Directions for this task – Everything in the listing below has to be repeated exactly, except the pictures.

Input data –
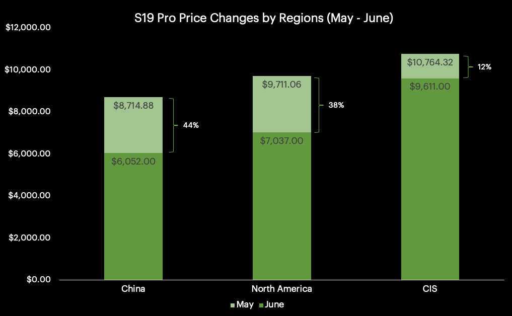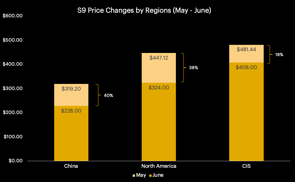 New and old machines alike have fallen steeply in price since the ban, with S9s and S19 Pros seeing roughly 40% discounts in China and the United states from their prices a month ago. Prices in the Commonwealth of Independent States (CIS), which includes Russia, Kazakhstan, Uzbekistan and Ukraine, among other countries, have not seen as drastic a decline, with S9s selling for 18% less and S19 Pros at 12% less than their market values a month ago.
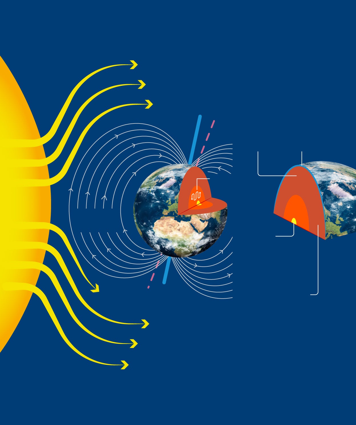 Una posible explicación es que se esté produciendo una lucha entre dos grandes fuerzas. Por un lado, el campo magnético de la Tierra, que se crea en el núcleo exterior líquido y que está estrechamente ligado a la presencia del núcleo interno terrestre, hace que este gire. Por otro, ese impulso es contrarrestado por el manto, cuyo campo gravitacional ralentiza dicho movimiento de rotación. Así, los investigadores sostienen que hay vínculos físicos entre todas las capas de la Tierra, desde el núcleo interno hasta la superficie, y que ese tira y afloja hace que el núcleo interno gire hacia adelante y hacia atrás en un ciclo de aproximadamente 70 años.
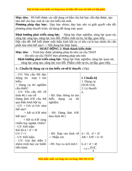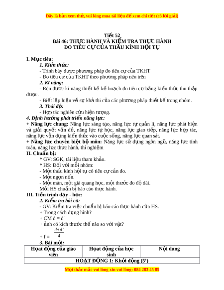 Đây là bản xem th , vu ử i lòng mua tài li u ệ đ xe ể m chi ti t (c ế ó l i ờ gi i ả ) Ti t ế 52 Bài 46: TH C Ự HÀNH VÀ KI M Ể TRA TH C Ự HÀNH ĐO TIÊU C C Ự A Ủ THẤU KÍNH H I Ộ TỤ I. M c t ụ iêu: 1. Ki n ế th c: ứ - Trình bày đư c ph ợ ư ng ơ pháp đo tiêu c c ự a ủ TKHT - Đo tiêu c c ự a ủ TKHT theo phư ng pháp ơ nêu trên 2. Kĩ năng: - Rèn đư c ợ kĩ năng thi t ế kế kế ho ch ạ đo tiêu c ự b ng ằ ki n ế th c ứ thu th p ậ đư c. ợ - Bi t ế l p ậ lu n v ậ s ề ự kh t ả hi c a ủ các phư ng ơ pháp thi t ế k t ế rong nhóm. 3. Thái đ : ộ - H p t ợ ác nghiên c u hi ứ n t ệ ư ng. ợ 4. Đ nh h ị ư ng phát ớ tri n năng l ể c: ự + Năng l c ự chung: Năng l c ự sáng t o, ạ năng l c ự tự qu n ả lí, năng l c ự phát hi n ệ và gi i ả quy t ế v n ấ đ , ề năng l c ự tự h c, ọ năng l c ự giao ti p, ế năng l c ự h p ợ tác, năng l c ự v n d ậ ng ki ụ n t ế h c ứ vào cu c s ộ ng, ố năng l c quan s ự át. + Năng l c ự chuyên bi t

Result of this task –
 New and old machines alike have fallen steeply in price since the ban, with S9s and S19 Pros seeing roughly 40% discounts in China and the United states from their prices a month ago. Prices in the Commonwealth of Independent States (CIS), which includes Russia, Kazakhstan, Uzbekistan and Ukraine, among other countries, have not seen as drastic a decline, with S9s selling for 18% less and S19 Pros at 12% less than their market values a month ago.
 Una posible explicación es que se esté produciendo una lucha entre dos grandes fuerzas. Por un lado, el campo magnético de la Tierra, que se crea en el núcleo exterior líquido y que está estrechamente ligado a la presencia del núcleo interno terrestre, hace que este gire. Por otro, ese impulso es contrarrestado por el manto, cuyo campo gravitacional ralentiza dicho movimiento de rotación. Así, los investigadores sostienen que hay vínculos físicos entre todas las capas de la Tierra, desde el núcleo interno hasta la superficie, y que ese tira y afloja hace que el núcleo interno gire hacia adelante y hacia atrás en un ciclo de aproximadamente 70 años.
 Đây là bản xem th , vu ử i lòng mua tài li u ệ đ xe ể m chi ti t (c ế ó l i ờ gi i ả ) Ti t ế 52 Bài 46: TH C Ự HÀNH VÀ KI M Ể TRA TH C Ự HÀNH ĐO TIÊU C C Ự A Ủ THẤU KÍNH H I Ộ TỤ I. M c t ụ iêu: 1. Ki n ế th c: ứ - Trình bày đư c ph ợ ư ng ơ pháp đo tiêu c c ự a ủ TKHT - Đo tiêu c c ự a ủ TKHT theo phư ng pháp ơ nêu trên 2. Kĩ năng: - Rèn đư c ợ kĩ năng thi t ế kế kế ho ch ạ đo tiêu c ự b ng ằ ki n ế th c ứ thu th p ậ đư c. ợ - Bi t ế l p ậ lu n v ậ s ề ự kh t ả hi c a ủ các phư ng ơ pháp thi t ế k t ế rong nhóm. 3. Thái đ : ộ - H p t ợ ác nghiên c u hi ứ n t ệ ư ng. ợ 4. Đ nh h ị ư ng phát ớ tri n năng l ể c: ự + Năng l c ự chung: Năng l c ự sáng t o, ạ năng l c ự tự qu n ả lí, năng l c ự phát hi n ệ và gi i ả quy t ế v n ấ đ , ề năng l c ự tự h c, ọ năng l c ự giao ti p, ế năng l c ự h p ợ tác, năng l c ự v n d ậ ng ki ụ n t ế h c ứ vào cu c s ộ ng, ố năng l c quan s ự át. + Năng l c ự chuyên bi t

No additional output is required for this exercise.